## Task statement
Give the listing again exactly, omitting its images.

Start of Material provided

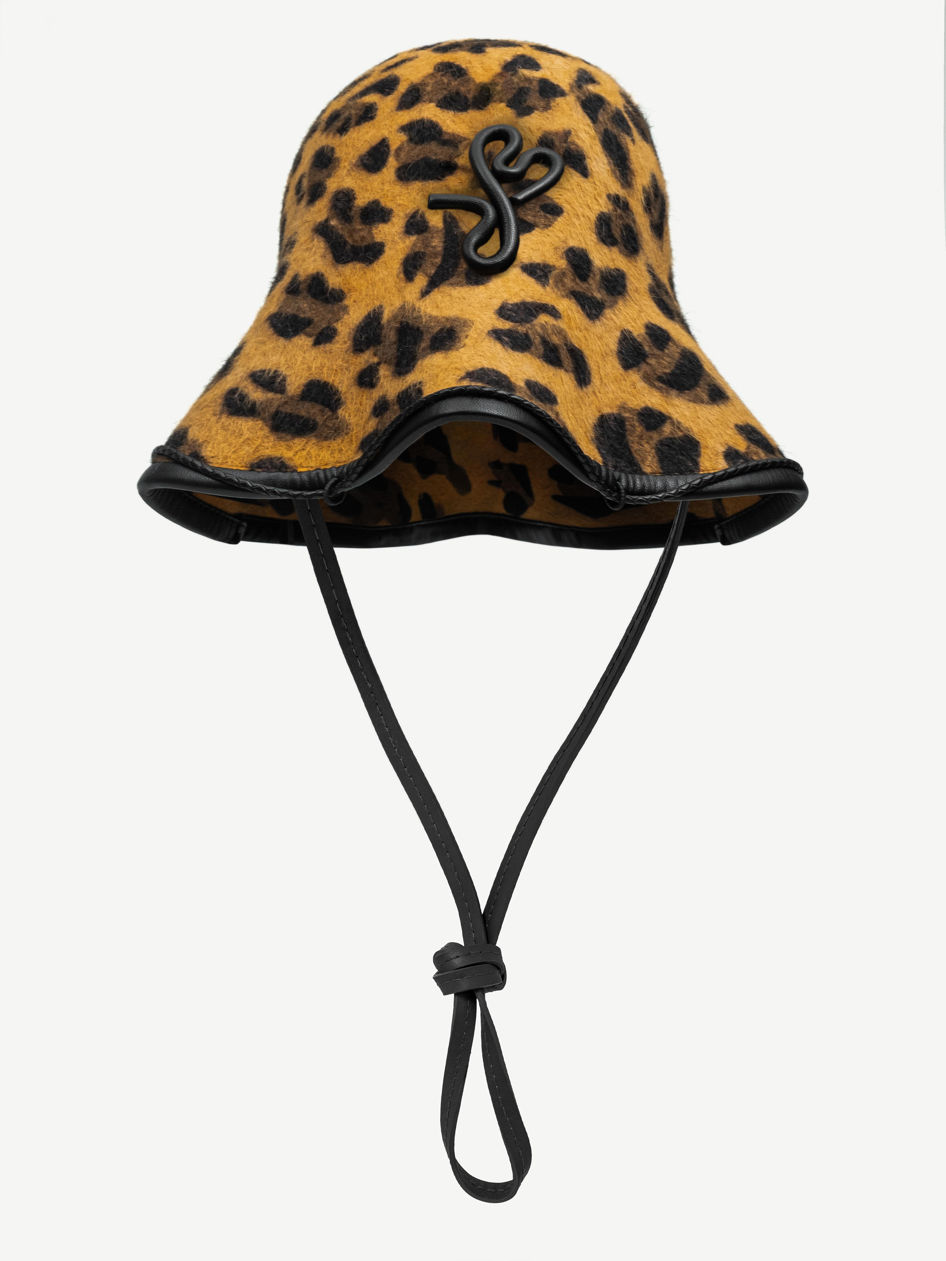 Leopar Desenli Deri Bağcıklı Şapka (FW2500000674_G1W)
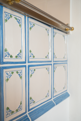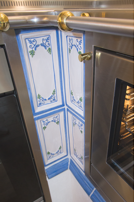 Besonders hervorzuheben ist die extra lange Herdplatte, die so konzipiert wurde, dass alle Temperaturbereiche gleichzeitig genutzt werden können – ideal zum gleichzeitigen Kochen, Braten und Warmhalten. Der Spritzschutz hinter dem Herd besteht ebenfalls aus der passenden Handkeramik, wodurch ein harmonischer und stimmiger Gesamteindruck entsteht.
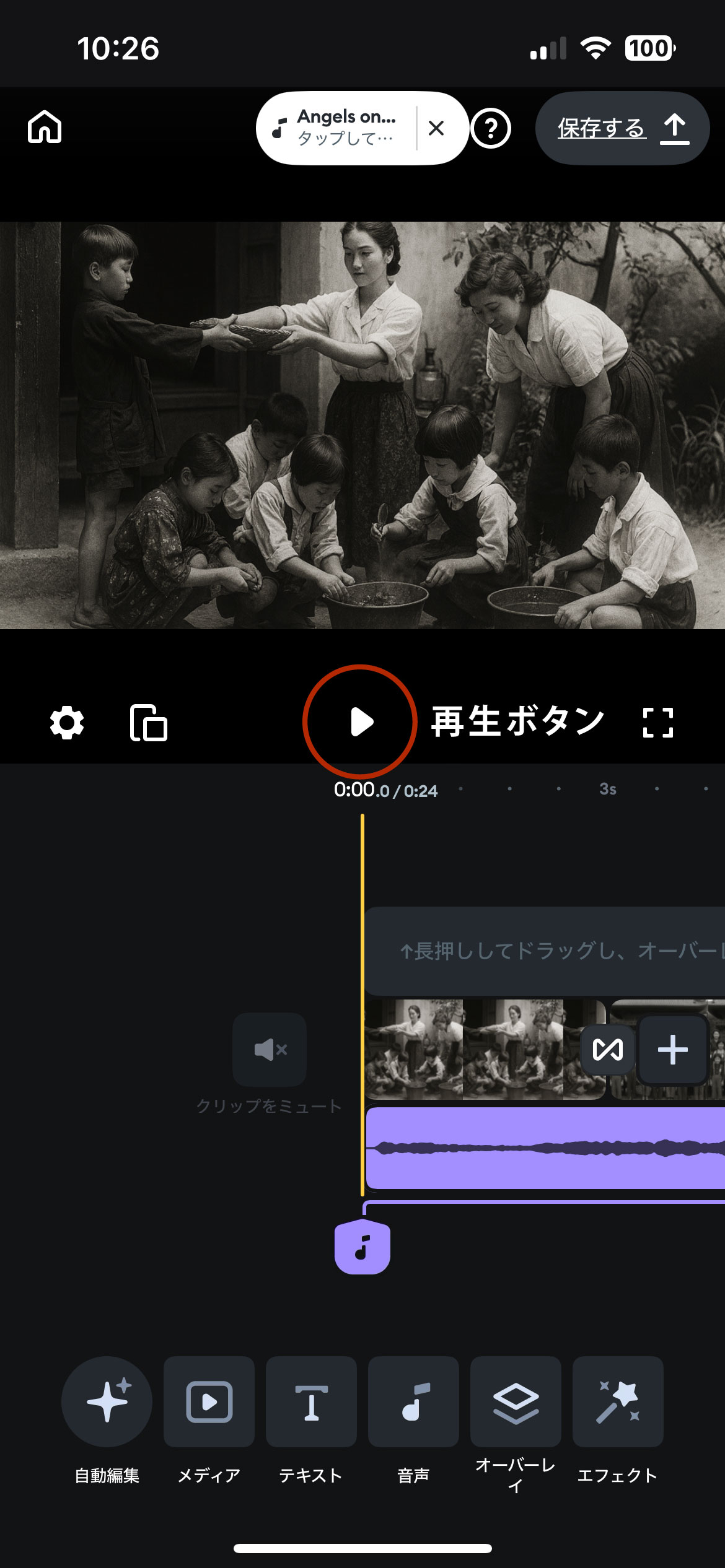 - BGMを決定して編集開始: 候補曲をタップして試聴し、「追加」を押して元の画面に戻り、「自動編集を開始」をタップします。音声トラックがタイムラインに入り、後から音量やフェードも調整できます。
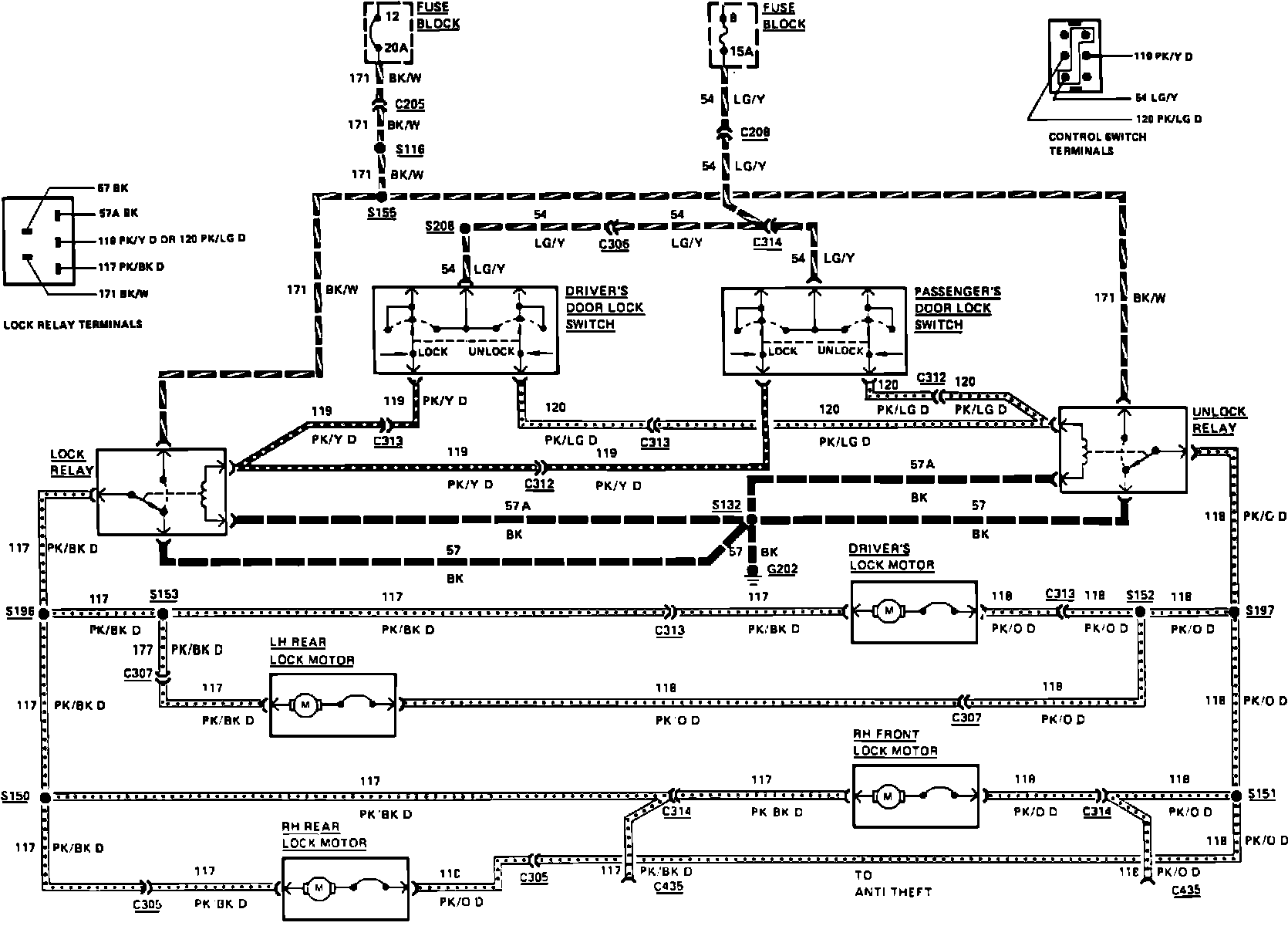 Fig. 139 Power door lock wiring circuit. 1983 Mark VI & 1983-84 Town Car 4 door less keyless entry:
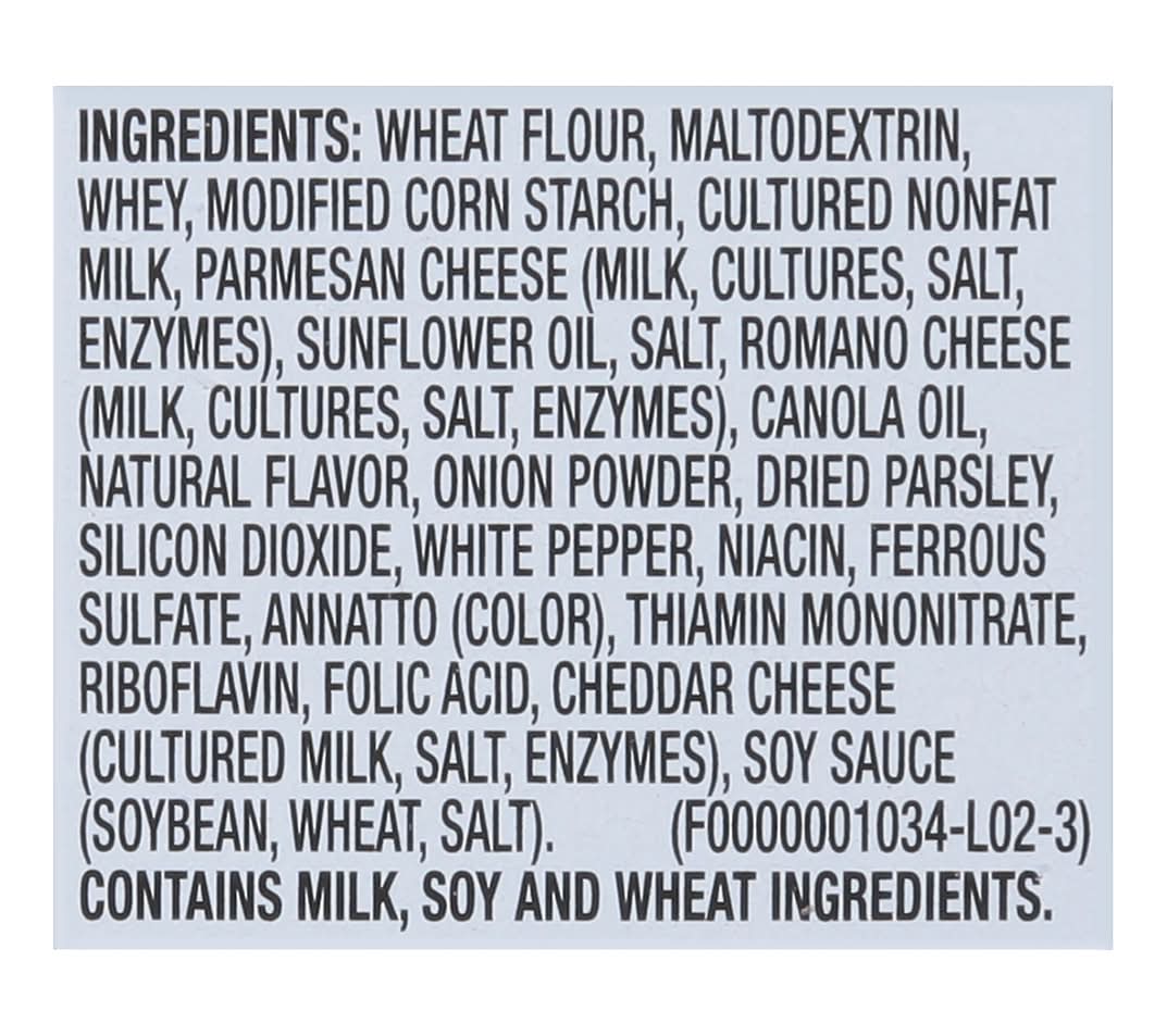 Ingredients: Wheat Flour, Maltodextrin, Whey, Modified Corn Starch, Cultured Nonfat Milk, Parmesan Cheese (Milk, Cultures, Salt, Enzymes), Sunflower Oil, Salt, Romano Cheese (Milk, Cultures, Salt, Enzymes), Canola Oil, Natural Flavor, Onion Powder, Dried Parsley, Silicon Dioxide, White Pepper, Niacin, Ferrous Sulfate, Annatto (Color), Thiamin Mononitrate, Riboflavin, Folic Acid, Cheddar Cheese (Cultured Milk, Salt, Enzymes), Soy Sauce (Soybean, Wheat, Salt) Contains: Milk, Wheat, Soybeans
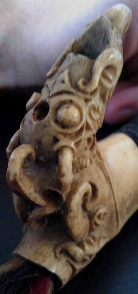 The top hilt is unusal. Is it newer or just rare? Does the rest of the mandau also carry unusual features? Maurice, thatīs a mean looking hilt figure Michael |

End of Material provided

## The answer
 Leopar Desenli Deri Bağcıklı Şapka (FW2500000674_G1W)
 Besonders hervorzuheben ist die extra lange Herdplatte, die so konzipiert wurde, dass alle Temperaturbereiche gleichzeitig genutzt werden können – ideal zum gleichzeitigen Kochen, Braten und Warmhalten. Der Spritzschutz hinter dem Herd besteht ebenfalls aus der passenden Handkeramik, wodurch ein harmonischer und stimmiger Gesamteindruck entsteht.
 - BGMを決定して編集開始: 候補曲をタップして試聴し、「追加」を押して元の画面に戻り、「自動編集を開始」をタップします。音声トラックがタイムラインに入り、後から音量やフェードも調整できます。
 Fig. 139 Power door lock wiring circuit. 1983 Mark VI & 1983-84 Town Car 4 door less keyless entry:
 Ingredients: Wheat Flour, Maltodextrin, Whey, Modified Corn Starch, Cultured Nonfat Milk, Parmesan Cheese (Milk, Cultures, Salt, Enzymes), Sunflower Oil, Salt, Romano Cheese (Milk, Cultures, Salt, Enzymes), Canola Oil, Natural Flavor, Onion Powder, Dried Parsley, Silicon Dioxide, White Pepper, Niacin, Ferrous Sulfate, Annatto (Color), Thiamin Mononitrate, Riboflavin, Folic Acid, Cheddar Cheese (Cultured Milk, Salt, Enzymes), Soy Sauce (Soybean, Wheat, Salt) Contains: Milk, Wheat, Soybeans
 The top hilt is unusal. Is it newer or just rare? Does the rest of the mandau also carry unusual features? Maurice, thatīs a mean looking hilt figure Michael |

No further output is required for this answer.